The basic alternative (there are other more complex approaches) is to define these colour breaks across unequal intervals so that each colour band has roughly an equal numbers of locations by setting scheme='quantile'

fig, ax = plt.subplots(1, figsize=(11,8.5))
ax.axis('off')
county_word_freq_df.plot(ax=ax, column='i', legend=True, scheme='quantiles')

<matplotlib.axes._subplots.AxesSubplot at 0x1a2b117518>

This approach clearly shows patterns better at least in this case because of the skewed distribution, but do note the differences in the legends.

Here are a couple more maps for common words in both styles, plus using Fisher-Jenks style breaks, which is a more complex approach that falls somewhere in between these two extremes.

fig, ax = plt.subplots(1, figsize=(11,8.5))
ax.axis('off')
ax.set_title('and', fontsize=28)
county_word_freq_df.plot(ax=ax, column='and', scheme='equal_interval', legend=True)

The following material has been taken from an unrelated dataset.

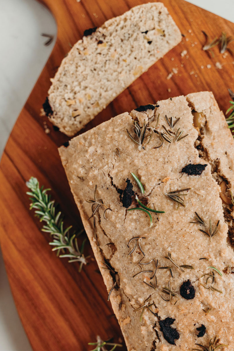 Pan de aceitunas y romero elaborado con aceite de oliva de Valldemossa y sal marina de Es Trenc. Bajo en carbohidratos y sin gluten, ¡un bocadillo perfecto y nutritivo!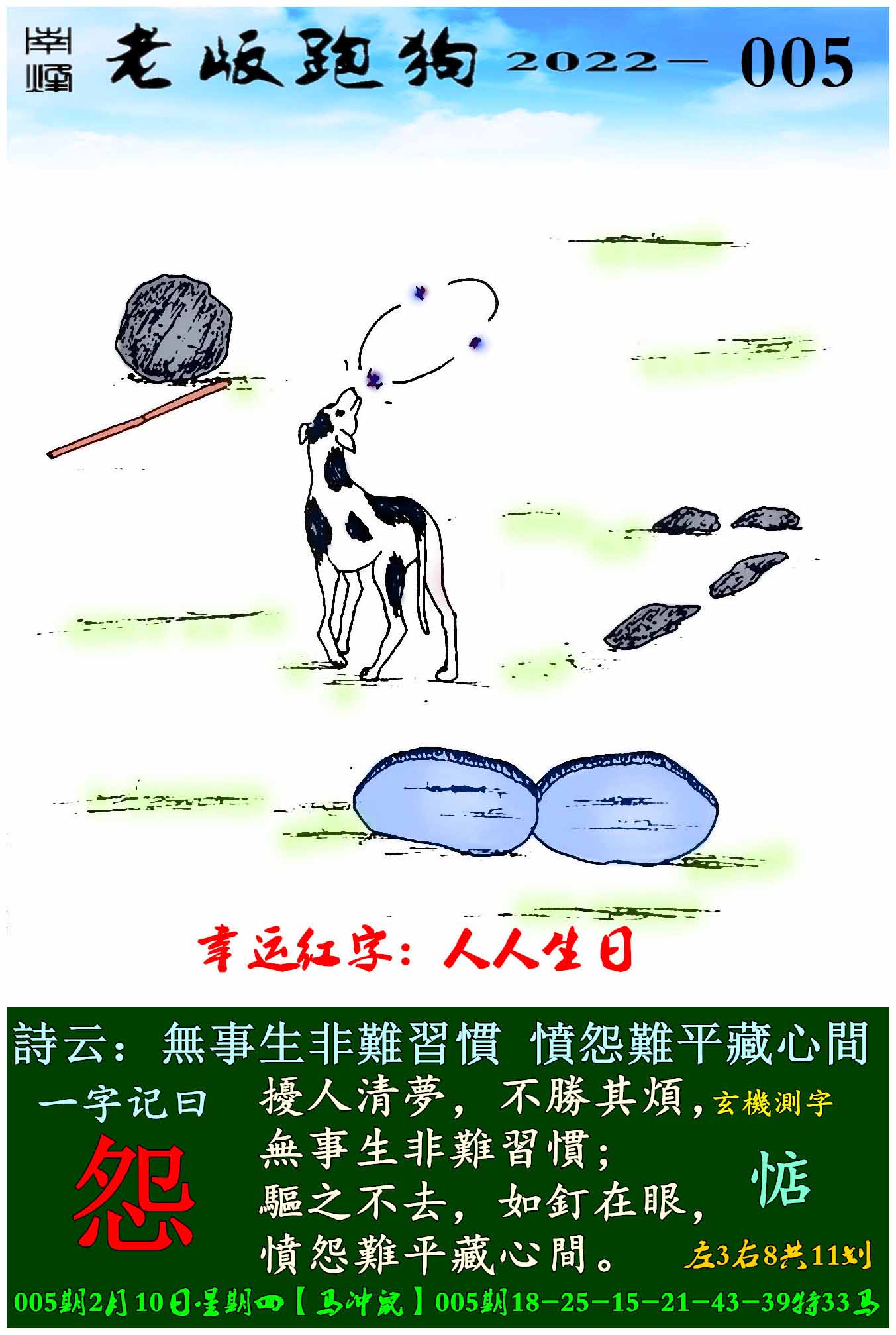 005期老版跑狗一字記之曰:【怨】

<matplotlib.axes._subplots.AxesSubplot at 0x1a2afea908>

fig, ax = plt.subplots(1, figsize=(11,8.5))
ax.axis('off')
ax.set_title('and', fontsize=28)
county_word_freq_df.plot(ax=ax, column='and', legend=True,
                                            scheme='quantiles')

<matplotlib.axes._subplots.AxesSubplot at 0x1a2b1e1908>

fig, ax = plt.subplots(1, figsize=(11,8.5))
ax.axis('off')
ax.set_title('and', fontsize=28)
county_word_freq_df.plot(ax=ax, column='and', legend=True,
                                            scheme='fisher_jenks')

<matplotlib.axes._subplots.AxesSubplot at 0x1a2e8f9ac8>

fig, ax = plt.subplots(1, figsize=(11,8.5))
ax.axis('off')
ax.set_title('but', fontsize=28)
county_word_freq_df.plot(ax=ax, column='but', scheme='equal_interval', legend=True)

<matplotlib.axes._subplots.AxesSubplot at 0x1a2a6c2eb8>

fig, ax = plt.subplots(1, figsize=(11,8.5))
ax.axis('off')
ax.set_title('but', fontsize=28)
county_word_freq_df.plot(ax=ax, column='but', legend=True,
                                            scheme='quantiles')

<matplotlib.axes._subplots.AxesSubplot at 0x1a2a63ab38>

fig, ax = plt.subplots(1, figsize=(11,8.5))
ax.axis('off')
ax.set_title('but', fontsize=28)
county_word_freq_df.plot(ax=ax, column='but', legend=True,
                                            scheme='fisher_jenks')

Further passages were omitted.